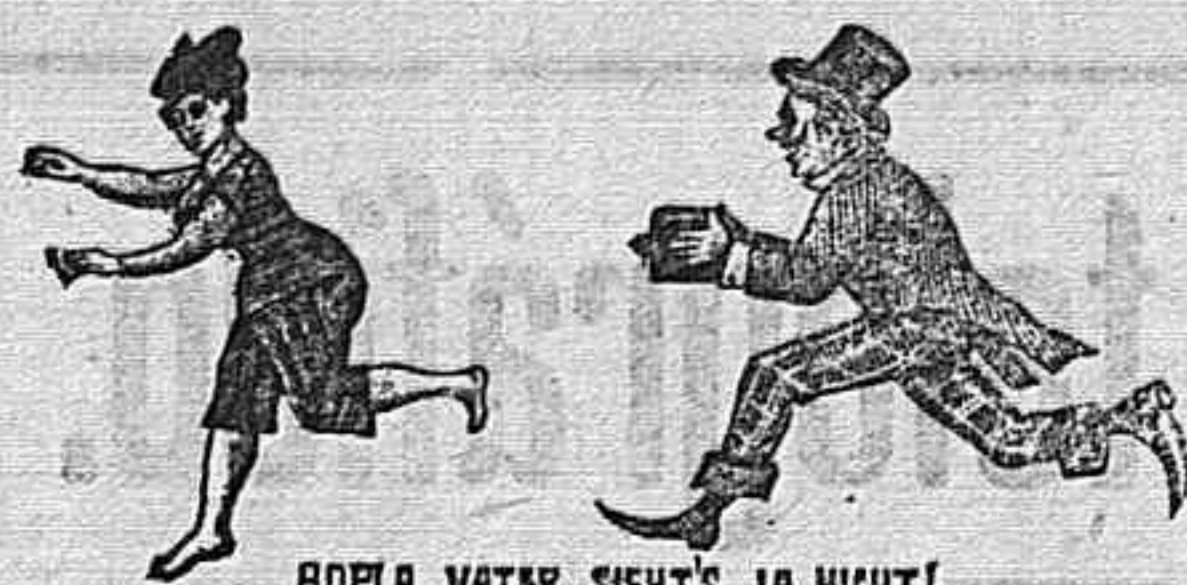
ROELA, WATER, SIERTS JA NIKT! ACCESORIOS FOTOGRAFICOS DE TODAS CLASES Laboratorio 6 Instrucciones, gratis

--

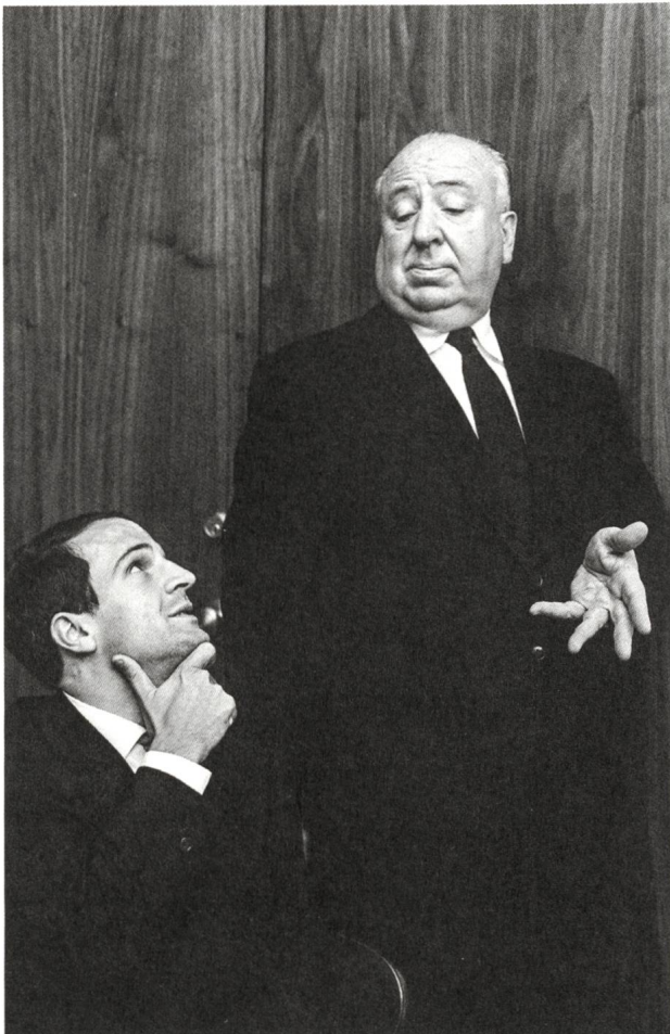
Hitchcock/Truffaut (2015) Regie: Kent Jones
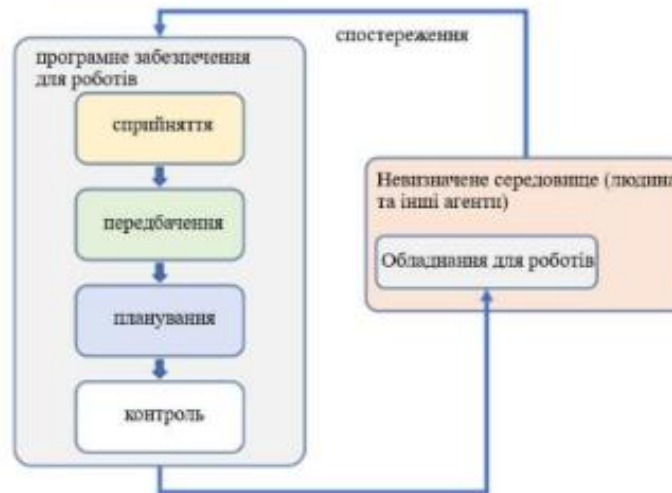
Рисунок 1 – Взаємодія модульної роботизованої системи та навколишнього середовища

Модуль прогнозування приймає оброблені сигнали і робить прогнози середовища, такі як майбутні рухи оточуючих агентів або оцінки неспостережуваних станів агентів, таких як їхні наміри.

--

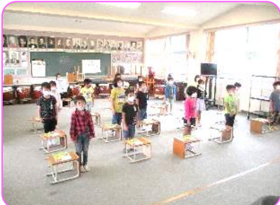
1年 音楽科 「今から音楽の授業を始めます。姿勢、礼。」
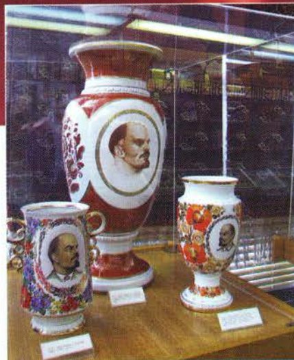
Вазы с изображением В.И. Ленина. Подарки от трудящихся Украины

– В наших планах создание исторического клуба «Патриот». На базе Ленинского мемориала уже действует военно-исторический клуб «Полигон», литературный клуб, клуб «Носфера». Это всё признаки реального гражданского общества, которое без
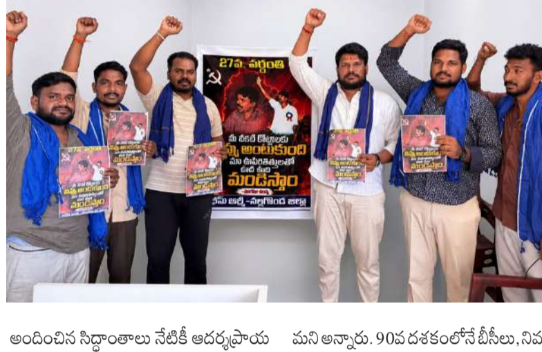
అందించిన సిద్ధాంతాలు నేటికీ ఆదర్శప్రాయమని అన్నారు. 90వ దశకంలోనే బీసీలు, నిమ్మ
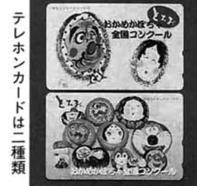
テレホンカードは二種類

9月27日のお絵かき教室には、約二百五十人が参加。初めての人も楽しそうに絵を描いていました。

■ WHAT YOU HAVE TO DO: Beginning with the line that contains "Hitchcock/Truffaut (2015) Regie: Kent Jones", write out the lines of the material above exactly, and end with the line that contains "Модуль прогнозування приймає". Omit the pictures.

■ RESPONSE BELOW:
Hitchcock/Truffaut (2015) Regie: Kent Jones
Рисунок 1 – Взаємодія модульної роботизованої системи та навколишнього середовища

Модуль прогнозування приймає оброблені сигнали і робить прогнози середовища, такі як майбутні рухи оточуючих агентів або оцінки неспостережуваних станів агентів, таких як їхні наміри.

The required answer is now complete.